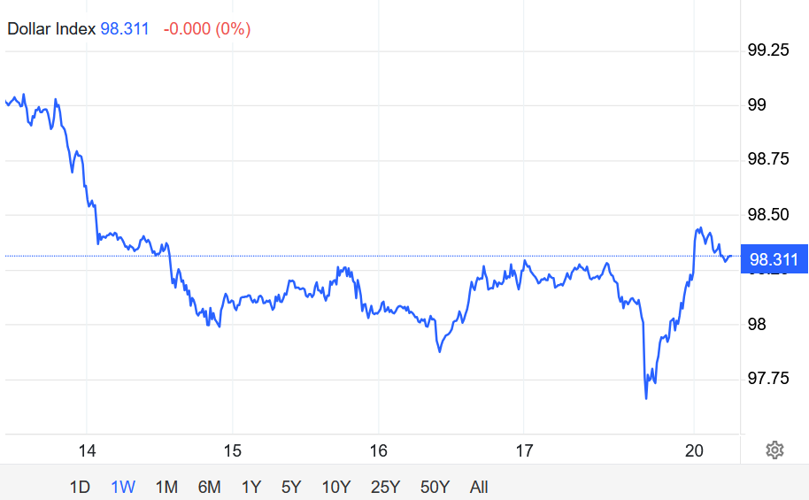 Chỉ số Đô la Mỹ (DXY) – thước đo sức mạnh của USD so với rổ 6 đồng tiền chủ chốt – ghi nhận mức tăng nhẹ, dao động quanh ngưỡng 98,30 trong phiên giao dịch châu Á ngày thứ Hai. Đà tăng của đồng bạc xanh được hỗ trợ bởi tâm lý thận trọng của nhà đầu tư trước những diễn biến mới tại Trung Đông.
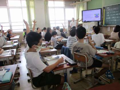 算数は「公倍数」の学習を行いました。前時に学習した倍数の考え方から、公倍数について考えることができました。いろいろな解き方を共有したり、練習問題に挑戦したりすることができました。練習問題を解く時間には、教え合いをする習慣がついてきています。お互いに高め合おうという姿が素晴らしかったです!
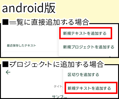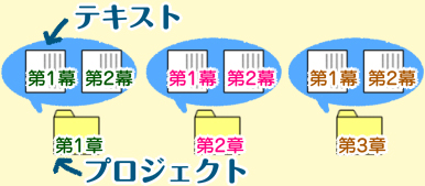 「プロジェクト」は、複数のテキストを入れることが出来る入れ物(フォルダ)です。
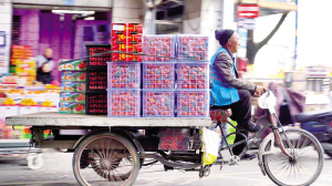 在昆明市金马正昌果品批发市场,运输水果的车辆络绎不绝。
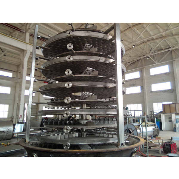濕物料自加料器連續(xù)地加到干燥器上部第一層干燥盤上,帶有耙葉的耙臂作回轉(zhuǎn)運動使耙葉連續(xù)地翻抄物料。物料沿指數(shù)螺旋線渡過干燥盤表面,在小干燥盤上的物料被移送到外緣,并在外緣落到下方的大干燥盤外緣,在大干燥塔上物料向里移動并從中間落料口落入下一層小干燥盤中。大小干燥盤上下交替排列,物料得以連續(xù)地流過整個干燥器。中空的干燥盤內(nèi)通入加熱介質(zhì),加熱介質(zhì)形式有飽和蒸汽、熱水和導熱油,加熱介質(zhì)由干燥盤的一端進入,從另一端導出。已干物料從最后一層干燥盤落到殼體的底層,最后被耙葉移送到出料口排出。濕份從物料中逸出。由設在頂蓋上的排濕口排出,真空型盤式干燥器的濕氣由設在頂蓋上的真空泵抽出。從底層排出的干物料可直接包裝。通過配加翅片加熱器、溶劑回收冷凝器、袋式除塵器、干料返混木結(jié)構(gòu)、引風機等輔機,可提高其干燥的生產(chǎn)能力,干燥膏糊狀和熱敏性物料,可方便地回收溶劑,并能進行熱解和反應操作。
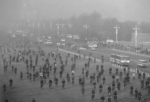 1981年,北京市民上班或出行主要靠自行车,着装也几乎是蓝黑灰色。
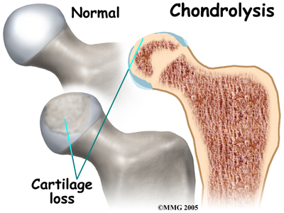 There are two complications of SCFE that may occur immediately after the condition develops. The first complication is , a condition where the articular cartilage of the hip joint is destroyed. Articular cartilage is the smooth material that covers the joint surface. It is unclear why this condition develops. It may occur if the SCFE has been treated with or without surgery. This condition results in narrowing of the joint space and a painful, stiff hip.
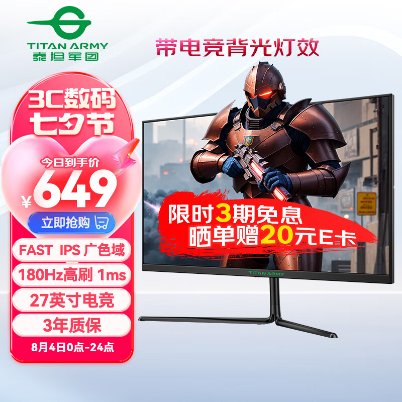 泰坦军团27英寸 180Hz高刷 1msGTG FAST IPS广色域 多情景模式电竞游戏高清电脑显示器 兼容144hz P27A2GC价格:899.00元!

WORK ITEM: Write back word for word every line in the entries above from the one with "算数は「公倍数」の学習を行い" to the one with "1981年,北京市民上班或出行主要靠自行车,着装也几乎是蓝黑灰色。", ends included, and none of the pictures.

ANSWER TO THIS EXERCISE:
 算数は「公倍数」の学習を行いました。前時に学習した倍数の考え方から、公倍数について考えることができました。いろいろな解き方を共有したり、練習問題に挑戦したりすることができました。練習問題を解く時間には、教え合いをする習慣がついてきています。お互いに高め合おうという姿が素晴らしかったです!
 「プロジェクト」は、複数のテキストを入れることが出来る入れ物(フォルダ)です。
 在昆明市金马正昌果品批发市场,运输水果的车辆络绎不绝。
濕物料自加料器連續(xù)地加到干燥器上部第一層干燥盤上,帶有耙葉的耙臂作回轉(zhuǎn)運動使耙葉連續(xù)地翻抄物料。物料沿指數(shù)螺旋線渡過干燥盤表面,在小干燥盤上的物料被移送到外緣,并在外緣落到下方的大干燥盤外緣,在大干燥塔上物料向里移動并從中間落料口落入下一層小干燥盤中。大小干燥盤上下交替排列,物料得以連續(xù)地流過整個干燥器。中空的干燥盤內(nèi)通入加熱介質(zhì),加熱介質(zhì)形式有飽和蒸汽、熱水和導熱油,加熱介質(zhì)由干燥盤的一端進入,從另一端導出。已干物料從最后一層干燥盤落到殼體的底層,最后被耙葉移送到出料口排出。濕份從物料中逸出。由設在頂蓋上的排濕口排出,真空型盤式干燥器的濕氣由設在頂蓋上的真空泵抽出。從底層排出的干物料可直接包裝。通過配加翅片加熱器、溶劑回收冷凝器、袋式除塵器、干料返混木結(jié)構(gòu)、引風機等輔機,可提高其干燥的生產(chǎn)能力,干燥膏糊狀和熱敏性物料,可方便地回收溶劑,并能進行熱解和反應操作。
 1981年,北京市民上班或出行主要靠自行车,着装也几乎是蓝黑灰色。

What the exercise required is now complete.